§ Available data:

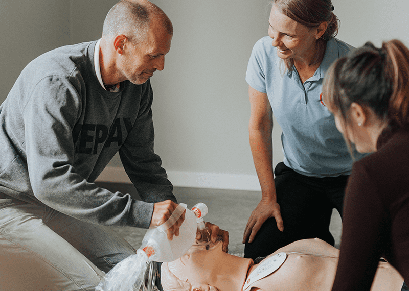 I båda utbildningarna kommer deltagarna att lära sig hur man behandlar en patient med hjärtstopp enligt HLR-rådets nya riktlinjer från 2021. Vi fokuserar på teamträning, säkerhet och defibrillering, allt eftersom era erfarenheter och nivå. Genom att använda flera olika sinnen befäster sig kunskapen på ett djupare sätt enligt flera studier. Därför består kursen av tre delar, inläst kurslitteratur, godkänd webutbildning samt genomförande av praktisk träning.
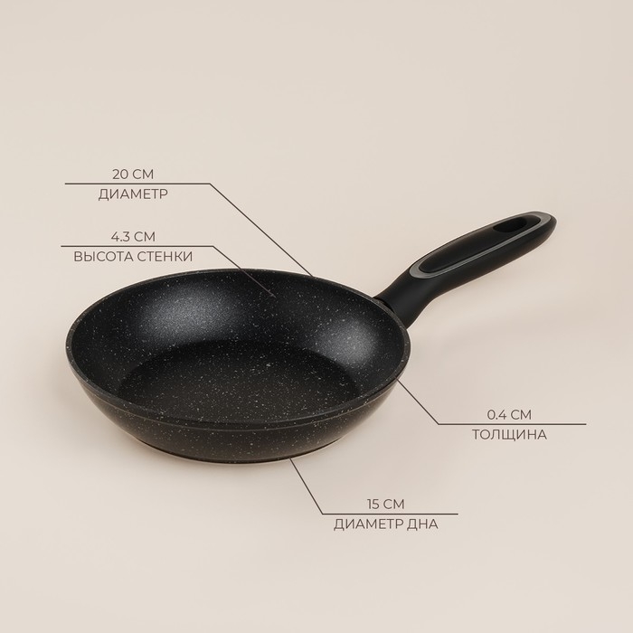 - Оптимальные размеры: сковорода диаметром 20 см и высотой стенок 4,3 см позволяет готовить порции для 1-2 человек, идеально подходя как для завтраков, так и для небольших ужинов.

---

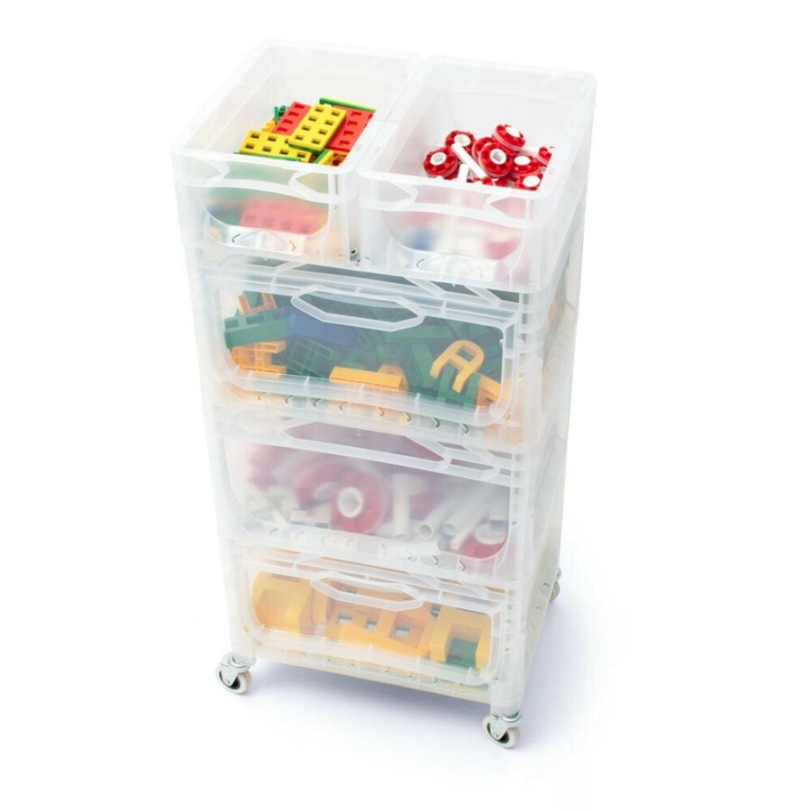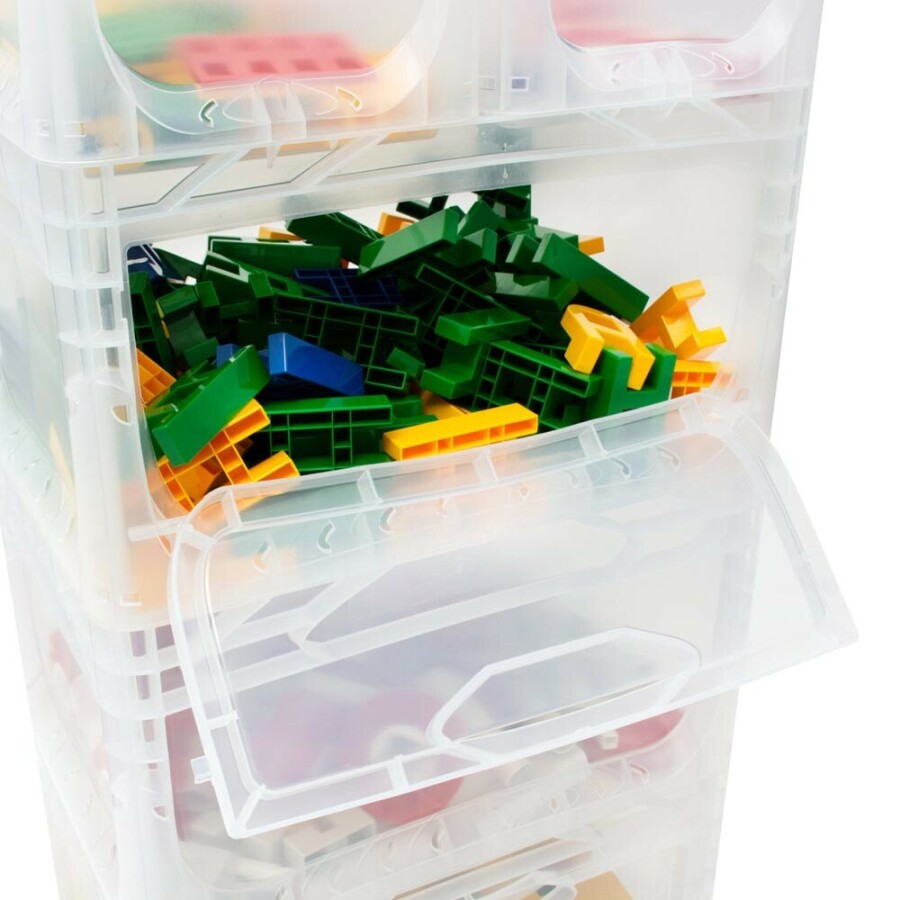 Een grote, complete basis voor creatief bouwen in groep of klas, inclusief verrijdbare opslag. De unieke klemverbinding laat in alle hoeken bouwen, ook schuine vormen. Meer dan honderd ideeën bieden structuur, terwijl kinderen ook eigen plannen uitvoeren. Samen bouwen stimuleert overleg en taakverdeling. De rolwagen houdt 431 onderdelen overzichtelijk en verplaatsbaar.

§ The task: Begin at the line in the entries above that has "I båda utbildningarna", stop after the line that has "- Оптимальные размеры: сковорода", and output exactly those lines without pictures.

§ Completed task:
 I båda utbildningarna kommer deltagarna att lära sig hur man behandlar en patient med hjärtstopp enligt HLR-rådets nya riktlinjer från 2021. Vi fokuserar på teamträning, säkerhet och defibrillering, allt eftersom era erfarenheter och nivå. Genom att använda flera olika sinnen befäster sig kunskapen på ett djupare sätt enligt flera studier. Därför består kursen av tre delar, inläst kurslitteratur, godkänd webutbildning samt genomförande av praktisk träning.
 - Оптимальные размеры: сковорода диаметром 20 см и высотой стенок 4,3 см позволяет готовить порции для 1-2 человек, идеально подходя как для завтраков, так и для небольших ужинов.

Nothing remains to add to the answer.